Agricultural Production, Land-use/cover Change and the Desertification Debate in the West African Savannah: An Adapted Political Ecology Approach


  • Peter Kojo Boateng Monash University



Land-use and land cover changes, agriculture, desertification, West Africa


In the semi-arid tropics of West Africa where farming is the major livelihood source, it is claimed that African farmers are degrading their land: first because of shifting cultivation, later because population growth brought about “over-cultivation” or farm expansion and the scattering of more farms on the landscape.  In response to these issues, West African governments have emphasised the need and rolled out programmes for modernisation of smallholder agriculture through promotion of capital-intensive and market-driven strategies. Implicit in this modernisation policy orientation is the idea that the way production is organised by peasants in the semi-arid environments have to change; meaning poor peasants, regarded as perpetuators of land degradation, who may not produce for the market need to be modernised in line with the state’s vision of agricultural development and environmental management.
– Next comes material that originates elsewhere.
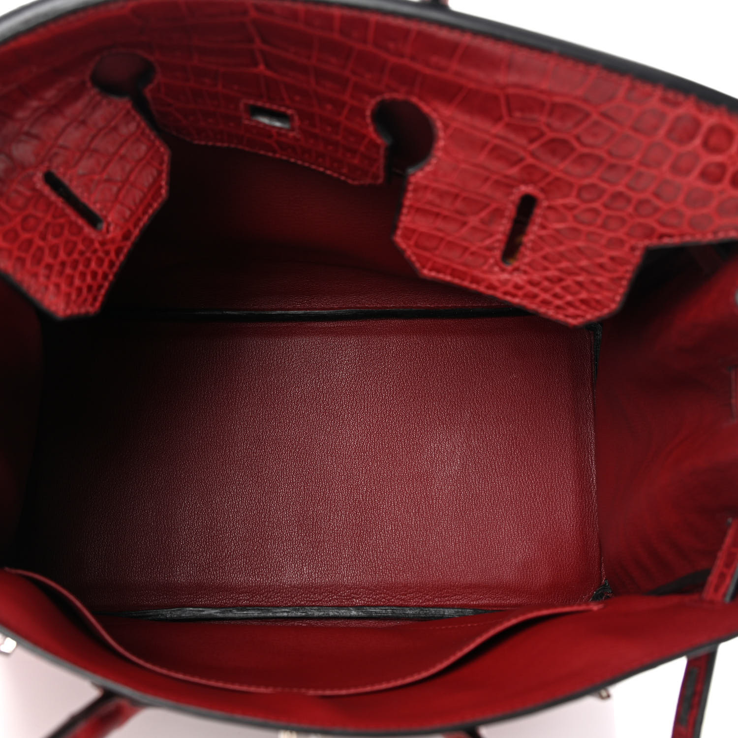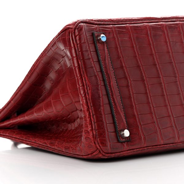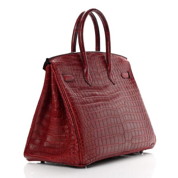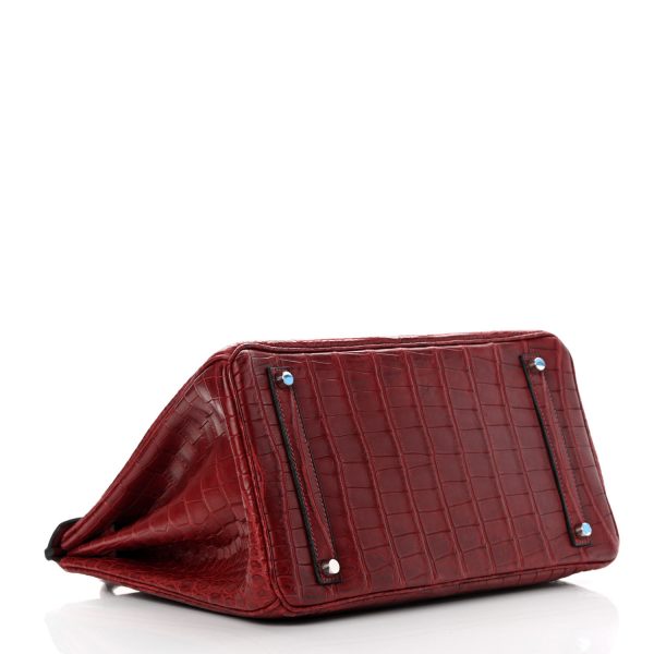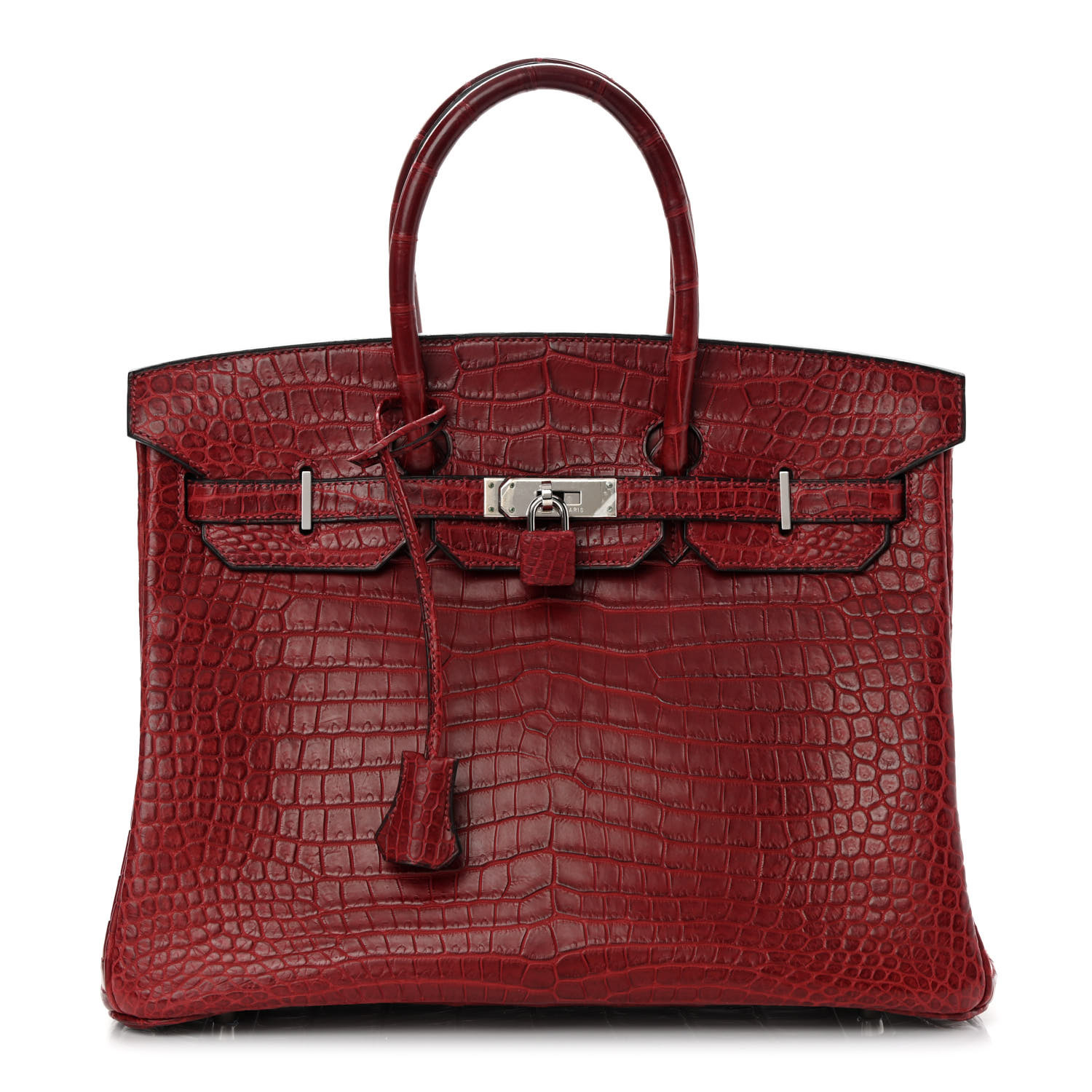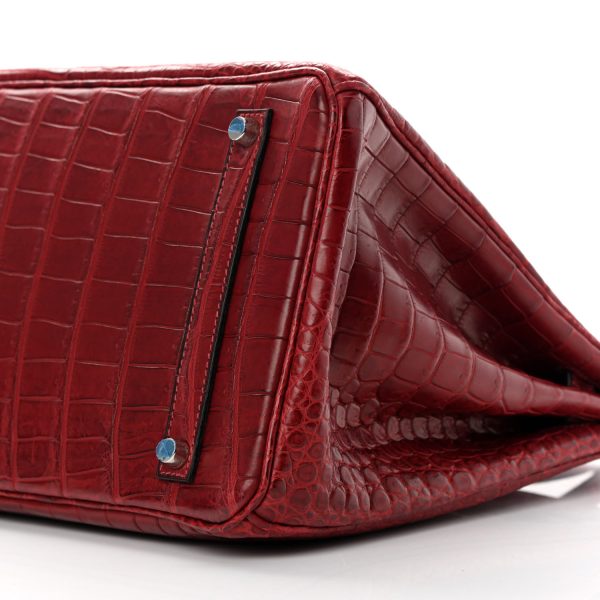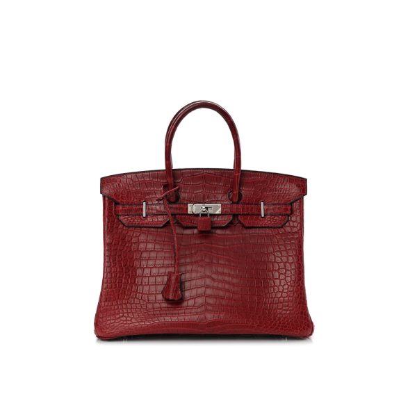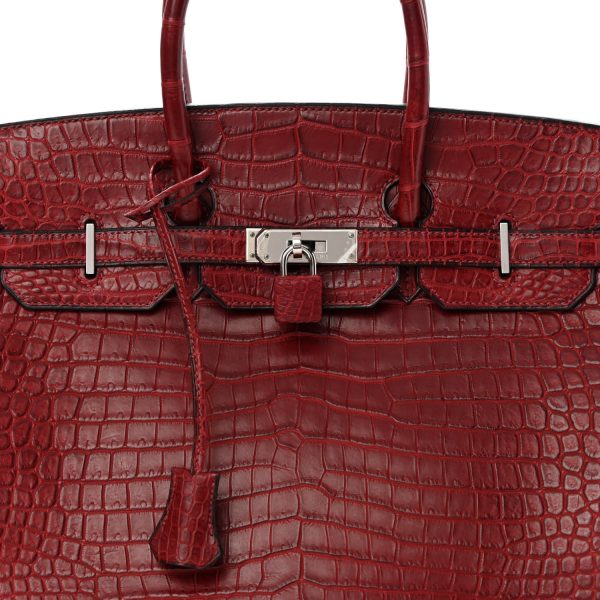This is the Matte Porosus Crocodile BK 35 in Rouge H. This stunning handbag is featured here in luxurious red crocodile including the padlock and a clochette to store the keys. This bag also features Palladium hardware found at the straps, lock, and feet. The top flap opens to a matching interior of chevre goatskin leather with zipper and patch pockets.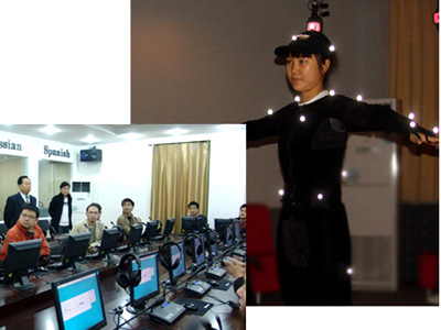 记者体验同声传译(左下)参观动态捕捉实验室(右上)

However, new perspectives being generated from several local level studies of agricultural production and land-use/cover change in the semi-arid savannah regions of West Africa offer departure points from those dominant narratives of increasing degradation and desertification. This paper discusses this emerging paradigmatic revolution by reviewing the literature on 3 highly polarised issues around land-use/cover change in the West African savannah – (a) discourses of environmental degradation; (b) human-environment interactions and agricultural production; and (c) mapping of land cover changes in drylands. Within these reviews, the paper highlights ways it move beyond currently contrasting views, before advancing an adapted political ecology framework deemed suited for exploring the complex relationships between agricultural production and land-use/cover change.

Author Biography

Peter Kojo Boateng, Monash University

Peter Kojo Boateng has conducted research on sustainable agricultural livelihoods development issues in Ghana and Sri Lanka since obtaining his B.A (Geography and Rural Development) at KNUST and MSc (Development Management) at the University of Agder, Norway. He has authored a monograph on the effects of Ghana’s Growth and Poverty Reduction Strategy (GPRS I and II) on rural farmers’ livelihoods, and is currently a PhD Candidate at the School of Geography and Environmental Science, Monash University, Australia.